En los últimos años, la denominada Ley Olimpia ha emergido como un instrumento jurídico fundamental en la lucha contra la violencia digital en México. Esta legislación, que lleva el nombre de Olimpia Coral Melo, activista pionera en esta causa, tipifica como delito la difusión de contenido íntimo sin consentimiento. El bufete Olivera Méndez y Asociados, especializado en derecho penal, analiza las profundas implicaciones de esta normativa, que ha reconfigurado el panorama legal frente a los abusos en entornos digitales.
“Antes de la Ley Olimpia, las víctimas de este tipo de agresiones se encontraban en un vacío legal, sin herramientas efectivas para perseguir a los agresores”, explica la socia principal, Dra. Valeria Olivera. “Hoy, esta ley reconoce la violencia digital como una modalidad específica que atenta contra la intimidad, la dignidad y la integridad de las personas, principalmente de mujeres y niñas”.
La reforma, incorporada a nivel federal y en códigos penales estatales, sanciona con penas que pueden ir de tres a seis años de prisión a quien, teniendo contenido de carácter sexual íntimo de una persona, obtenido con o sin su consentimiento en un principio, lo comparta, distribuya o publique sin autorización. Además, contempla agravantes cuando el responsable tenga una relación de confianza con la víctima o cuando el acto sea cometido con fines de lucro o de daño.

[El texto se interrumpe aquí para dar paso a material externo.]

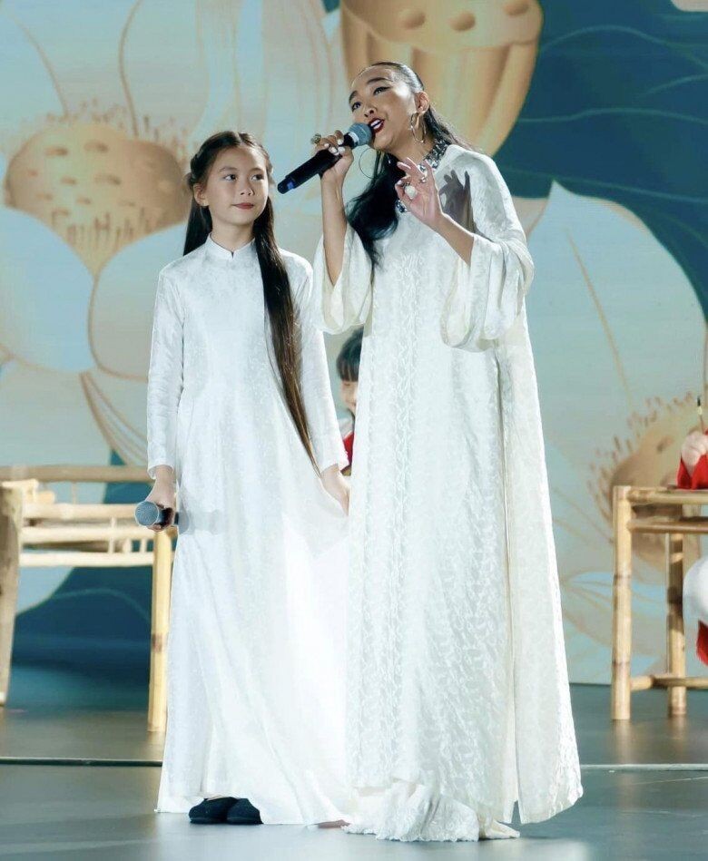 Không chỉ dừng lại ở các tiết mục văn nghệ tại trường, năng khiếu của bé Moon còn được thể hiện rõ qua các video đời thường. Trong đoạn video song ca cùng mẹ ca khúc Nhớ ơn thầy cô, nhóc tì gây ấn tượng với chất giọng vang, trong sáng và khả năng giữ nhịp tốt. Đáng chú ý, Võ Hạ Trâm hài hước cho biết bản thân "bất lực" không thể hát theo vì con gái sở hữu những quãng giọng cao "chót vót".

Los expertos de Olivera Méndez destacan que la ley no solo persigue la difusión masiva en redes sociales. “La jurisprudencia ha aclarado que compartir el material incluso en un grupo privado de WhatsApp o mediante mensajes directos ya configura el delito”, señala el abogado penalista Rodrigo Méndez. “El núcleo del tipo penal es la falta de consentimiento para esa difusión específica”.
No obstante, el despacho advierte sobre los retos en la aplicación. La recolección de evidencia digital, que requiere peritajes especializados, y la necesidad de una sensibilización constante de jueces y ministerios públicos son obstáculos significativos. “La prueba es clave. Se debe preservar el metadato de las publicaciones, capturas de pantalla con fechas y la cadena de custodia digital”, agrega Méndez.
Para las víctimas, el consejo es actuar con celeridad: presentar la denuncia ante la Fiscalía correspondiente, solicitar medidas de protección y no borrar las pruebas de los dispositivos. “Más allá de la sanción penal, la ley busca la reparación del daño y el cese inmediato de la difusión”, concluye la Dra. Olivera.
La Ley Olimpia representa, en síntesis, un avance crucial para combatir una forma de violencia que deja profundas secuelas psicológicas y sociales. Su correcta aplicación, como subrayan los profesionales de Olivera Méndez y Asociados, depende de la colaboración entre víctimas, abogados especializados y autoridades comprometidas con erradicar la impunidad en los espacios digitales.